Sound 80 added to National Register of Historic Places
by Jay Gabler
August 14, 2020
After a years-long effort, the Minneapolis recording studio formerly known as Sound 80 has been listed on the National Register of Historic Places, joining the ranks of New Ulm's Hermann Monument, F. Scott Fitzgerald's row house in St. Paul, and the Aerial Lift Bridge in Duluth.
Located at 2709 E. 25th St., the studio was the site of recordings for Bob Dylan's Blood on the Tracks and "Funkytown" by Lipps, Inc., one of Minnesota's all-time bestselling singles and the first Hot 100 chart-topper to come out of the Gopher State.
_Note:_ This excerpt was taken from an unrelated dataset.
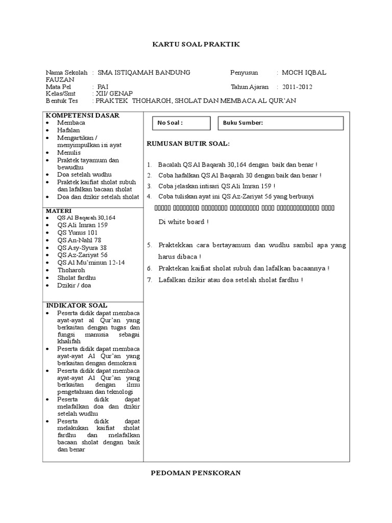 Soal Ujian Praktik Pai Sd Mi Tahun 2020 Websiteedukasi Com

It's also where, in 1978, the Saint Paul Chamber Orchestra recorded music by composers Aaron Copland and Charles Ives, in what would become the first digital recording of any kind to win a Grammy.
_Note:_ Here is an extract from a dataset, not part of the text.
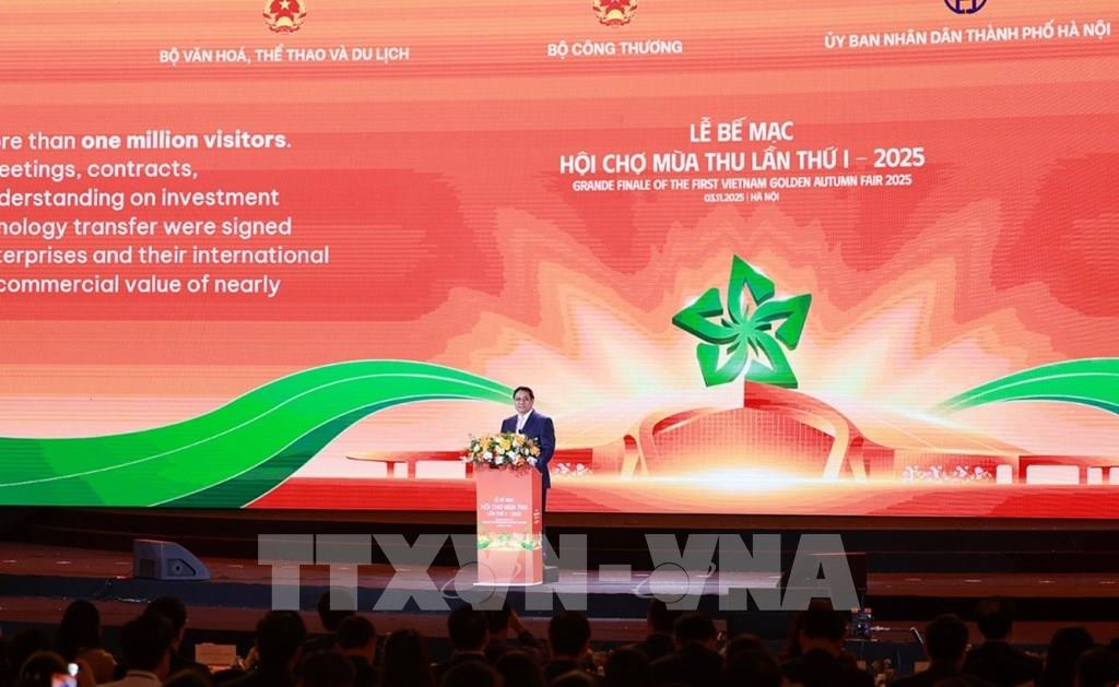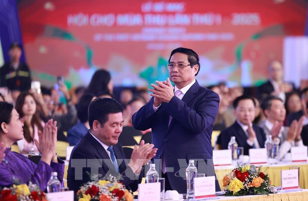 Thủ tướng Phạm Minh Chính dự Lễ bế mạc Hội chợ Mùa thu lần thứ nhất - năm 2025. Ảnh: Dương Giang-TTXVN

The studio is best known, though, for its association with Prince: he recorded demo tapes for his debut album For You at Sound 80 in 1977. It's one of the many music-related sites documented by Minnesota Department of Transportation (MnDOT) historian Kristen Zschomler in an effort to secure recognition and protection for locations meaningful to Minnesota's musical heritage.
Of course, some of those locations don't exactly need recognition: First Avenue and Paisley Park are also on Zschomler's list, though Sound 80 was her first nomination to the National Park Service, who maintain the National Register.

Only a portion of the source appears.